Missionary Thanksgivings and Intercessions

St. Matt. vii. 7.——“Ask, and it shall be given you.”

PREPARATION FOR MISSIONARY WORK. Prepare those whom Thou hast called by-(1) Thine own training of them, (2) developing their faith, (3) strengthening their courage, (4) grounding them in humility, (5) steeling them to endurance, (6) kindling in them zeal, (7) the gift of bodily health, (8) sanctifying their natural talent, (9) blessing their studies, (10) exercising them in spiritual combat, (11) teaching them to pray.

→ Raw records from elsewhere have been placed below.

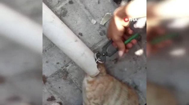 Kafası boruya sıkışan kediyi itfaiye kurtardı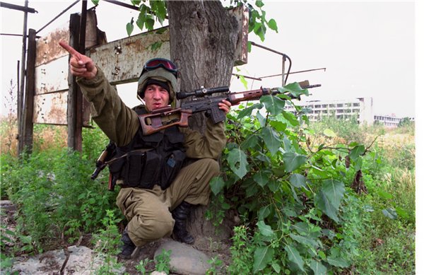 Лето 2002 г. Снайпер во время обстрела боевиков в Ленинском районе Грозного (фото Юрия Тутова)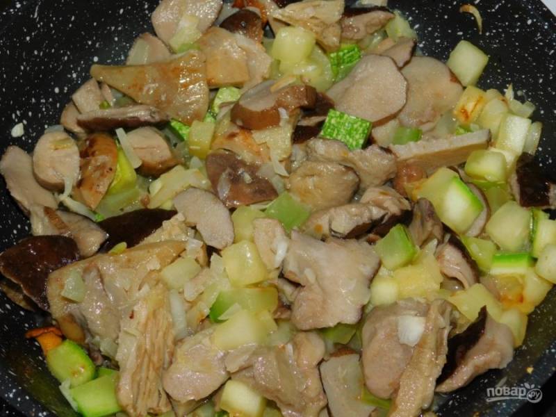 Добавьте лесные грибы, предварительно отваренные. Обжаривайте все вместе минуты 3-4.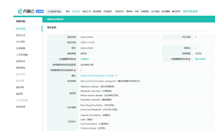 药融云数据库显示,Corcept Therapeutics是一家商业化阶段的制药公司,致力于发现和开发通过调节皮质醇的作用来治疗严重内分泌、肿瘤、代谢和神经系统疾病的药物。该公司在选择性糖皮质激素受体(GR)拮抗剂的研究和开发领域处于领导地位。Corcept还与众多基础科学家和临床研究人员合作,寻找更好的方法来改善患者的生活,共有30多项研究正在进行中,以调查GR拮抗剂治疗由皮质醇失调引起的严重疾病的潜在益处。
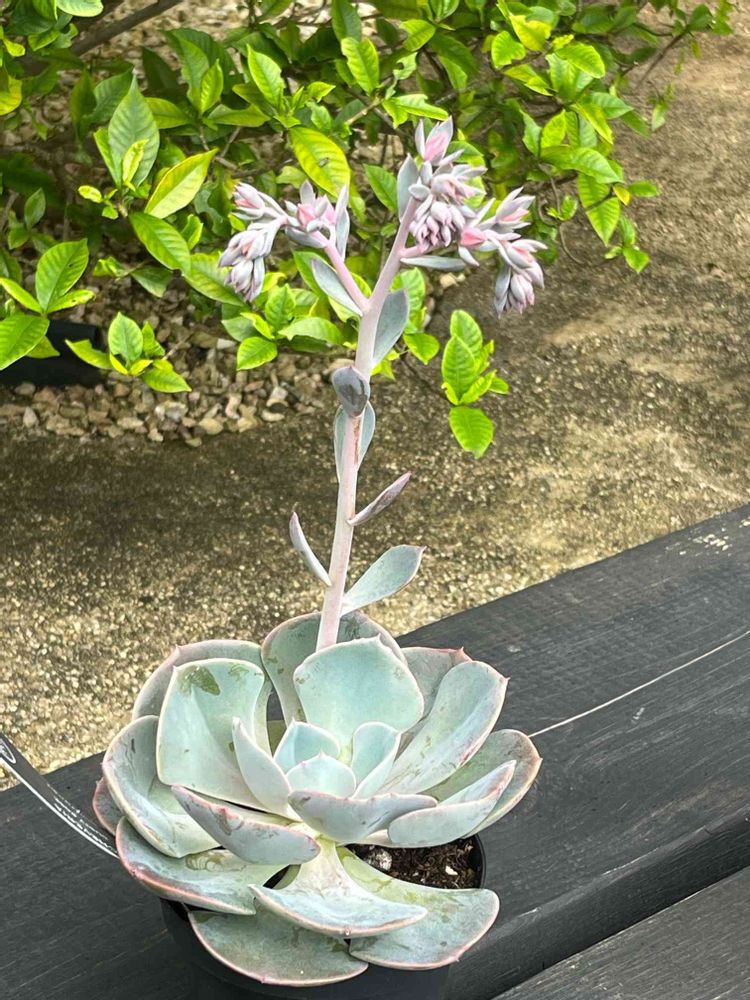 さん こんにちは♪茎が太くて沢山花が咲きそうです❣️買った時から大きめだったから開いてきて更に大きいですけど😄ダスティーローズ多肉初心者には丁度良いみたい❗️昔多肉は育ててたんですけどね、再挑戦しているところです💪

HOME EFFORTS. Intercession for the labours in aid of-(1) the Universities' Mission to Central Africa, (2) the Cambridge Mission to Delhi, (3) the Oxford Mission to Calcutta, (4) the Maritzburg Mission, (5) the Capetown Association, (6) Association of Prayer and Work for Corea, (7) Corean Hospital Naval Fund, (8) Corean Education Fund, (9) Corean Children's Fund, (10) St. Peter's Kilburn Association for Foreign Missions, (11) Mr. Kelly's Mis-sionary Brotherhood,(12) The Assyrian Mission, (13) Association of Prayer for Japan.

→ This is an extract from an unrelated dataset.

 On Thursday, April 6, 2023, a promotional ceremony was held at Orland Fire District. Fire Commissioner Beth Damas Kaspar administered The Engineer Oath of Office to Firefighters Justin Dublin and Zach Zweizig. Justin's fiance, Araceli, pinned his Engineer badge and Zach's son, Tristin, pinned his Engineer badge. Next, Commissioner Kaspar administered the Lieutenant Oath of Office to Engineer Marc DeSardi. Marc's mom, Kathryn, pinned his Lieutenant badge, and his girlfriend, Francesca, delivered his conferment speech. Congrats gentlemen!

SPECIAL MISSIONS. Thanksgiving for-(1) blessings on Archbishop's Assyrian Mission, (2) safe arrival of the Corean Missionaries, (3) appoint-ment of Bishop for Zululand. Intercession for formation of Dioceses of Mashonaland and Lebombo. For more priests for Madagascar, Central Africa, India, Japan, China, Burma, Borneo, the Dioceses of Australia, South Africa, and Canada. For blessing on the Chota Nagpore Brotherhood. For guidance of the Archbishop in dealing with the Palestine difficulties. For a catholic spirit to the C.M.S. For all Missionaries in time of tribulation, in the hour of death in the day of judgment.